Przy takiej szkodzie i dziki nie przeżył? Coś wątpię w to:D Ojciec jak przypucował w jelenia, to samochód do kasacji, a jeleń pobiegł dalej.
Przy takiej szkodzie i dziki nie przeżył? Coś wątpię w to:D Ojciec jak przypucował w jelenia, to samochód do kasacji, a jeleń pobiegł dalej.
Sprecyzuj czy to ma być sedan a może hatchback, czy dużo jeździsz?, przede wszystkim stawiasz na komfort, może szukasz autka ze sportowym zacięciem?, a może chodzi o jak najniższe spalanie?? Bo zaraz będą niepotrzebne spięcia itp.
#Też ostatnio mi dziki przebiegały, ale zdążyłem się zatrzymać.
Za to dziś mi się przydarzyła niemiła sytuacja, jakiś ciul ciężarówką wziął za duży łuk i mnie zahaczył:
https://i.imgur.com/YZnIwNn.jpg
400zł zł dał mi na naprawę. Jeśli chodzi o auto to dbam jak tylko mogę, uważam żeby nawet najmniejsze niewidoczne ryski nie powstawały i jestem wyczulony na tym punkcie i teraz nie wiem co z tym zrobić:
1. Tam gdzie goły plastik "zasmarowac" lakierem (posiadam taki z pedzelkiem do robienia zaprawek) + tam gdzie zaznaczone zielonym trochę przypolerowac żeby znów był połysk, myślę że mniej się będzie rzucać w oczy
2. Dać do lakiernika żeby pomalował to miejsce ale tu sie trochę obawiam że źle dobierze kolor/źle wycieniuje i będzie się bardziej rzucać w oczy niż przed
Co poradzicie? Nigdy nie musiałem korzystac z uslug lakiernikow wiec nie mam pojecia.

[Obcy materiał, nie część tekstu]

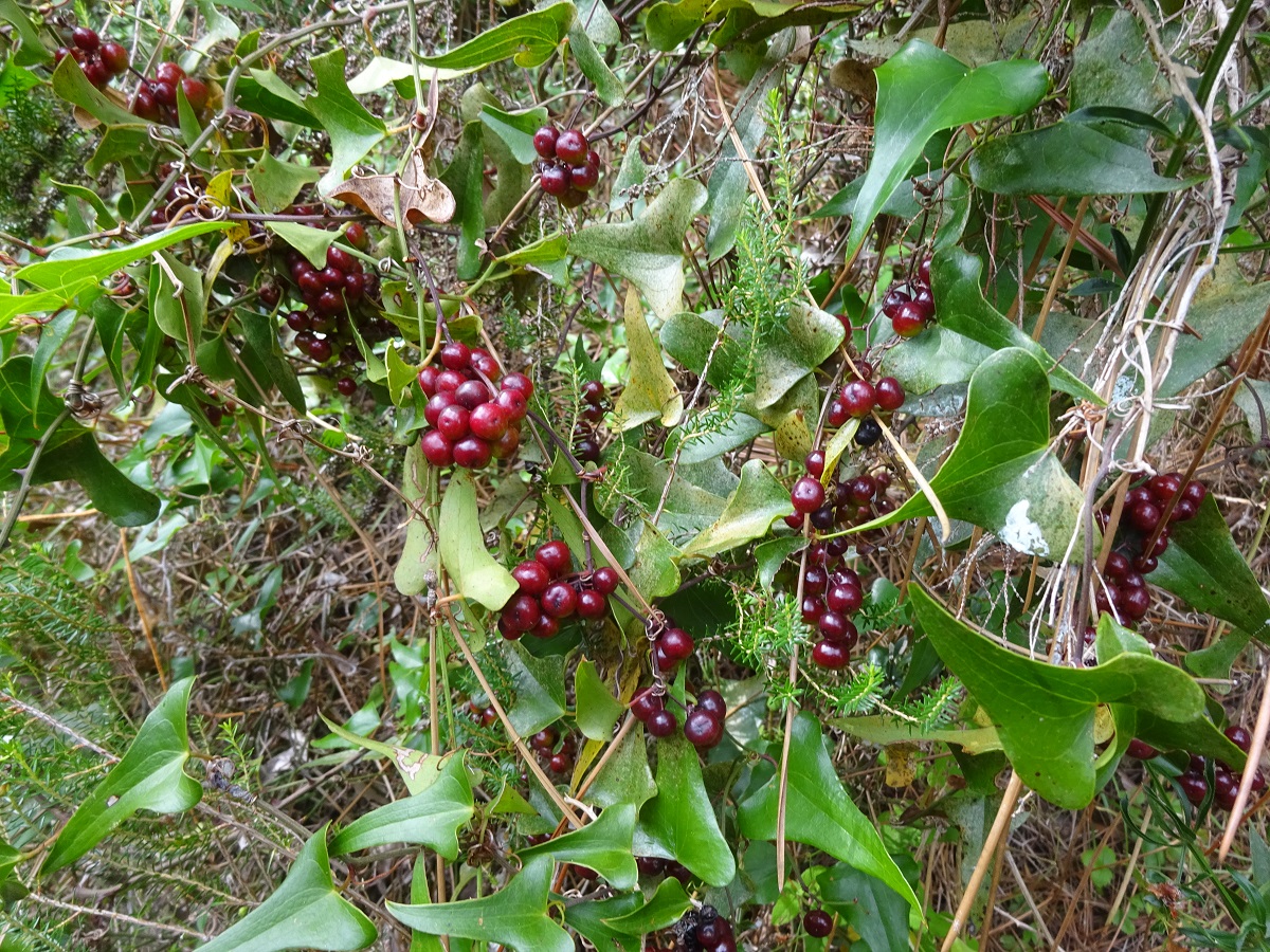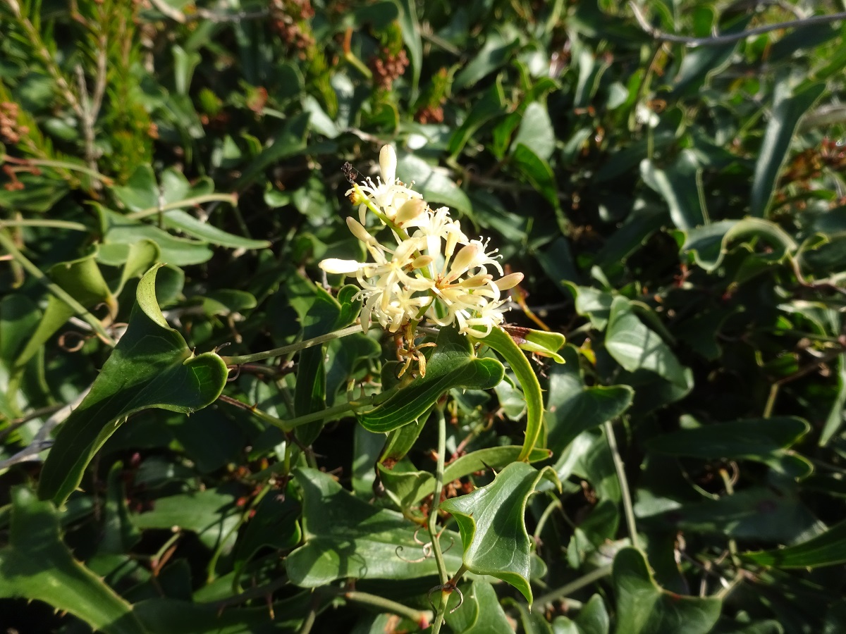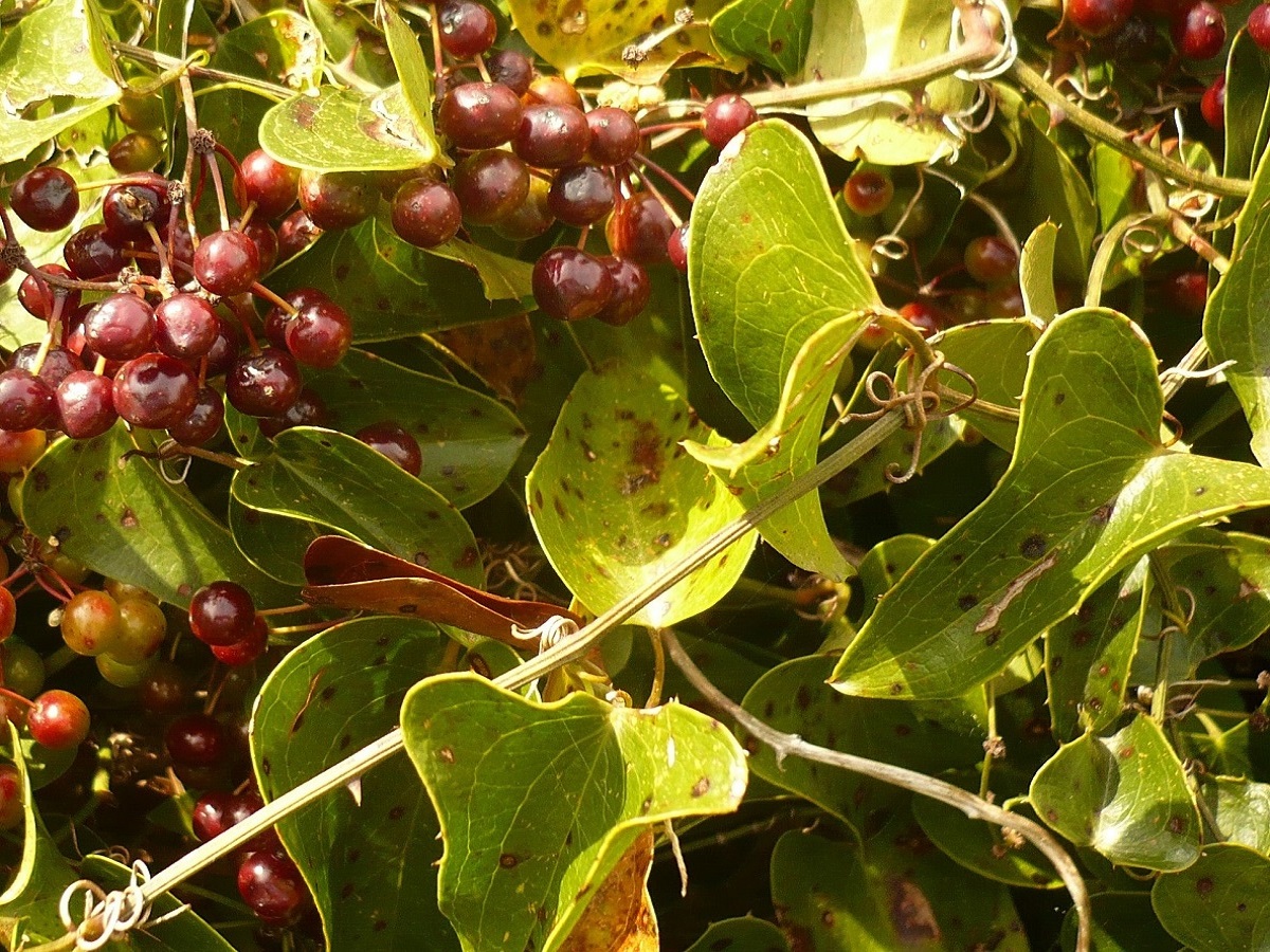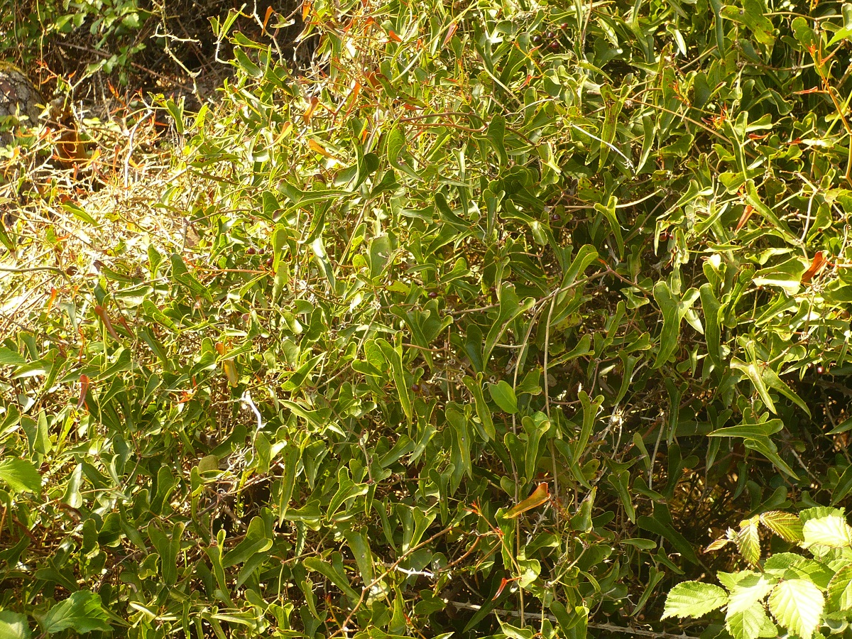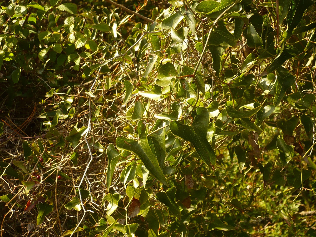 NPh L – 10-40 dm – Tige ligneuse, volubile, épineuse, feuilles aiguës en coeur, rugueuses-piquantes, persistantes – Fleurs jaunâtres, en grappes axillaires – Baie rouge-brun

Jeśli zależy Ci na estetyce to lepiej sam tego nie ruszaj, bo jeśli nie robiłeś tego wcześniej to źle wyjdzie. Daj do lakiernika.
Jedz do lakiernika, więcej niż 300zł nie weźmie, poszukaj na necie polecanych lakierników z twojego miasta, jak mieszkasz w jakimś większym mieście.
Rocznik 2000 ++ Byle nie francuzj ak wspomnialem , priorytet 5 drzwi.Hatchbak auto jezdzone dosc czesto , moze hatcback , kombi , liftback , ostatecznie sedan spalanie zeby bylo w miare rozsadne jak disel to takie 6 litrow po trasie. benzyna - nieznam sie i zeby bylo w miare miejsca sportowe zaciecie nie musi byc ale fajnie jak bedzie ;d ( wazne zeby nie byla to multipla ;D) Auto rodzinne ja mam 19 lat ale zarowno bedzie tym jezdzic brat i ojciec
@up
Jak mocno sie rzuca w oczy ta na czerwono zaznaczona to mozesz oddac do lakiernika , ale moze zjebac caly zderzak jak zle zcieniuje .
Imo.
Spolerowalbym to co na zielono , kupil baze w sprayu i dobral lakier i sam bym zrobil zaprawke , wiadomo bd cien etc. ale tansze koszta i nie widac tego bialego..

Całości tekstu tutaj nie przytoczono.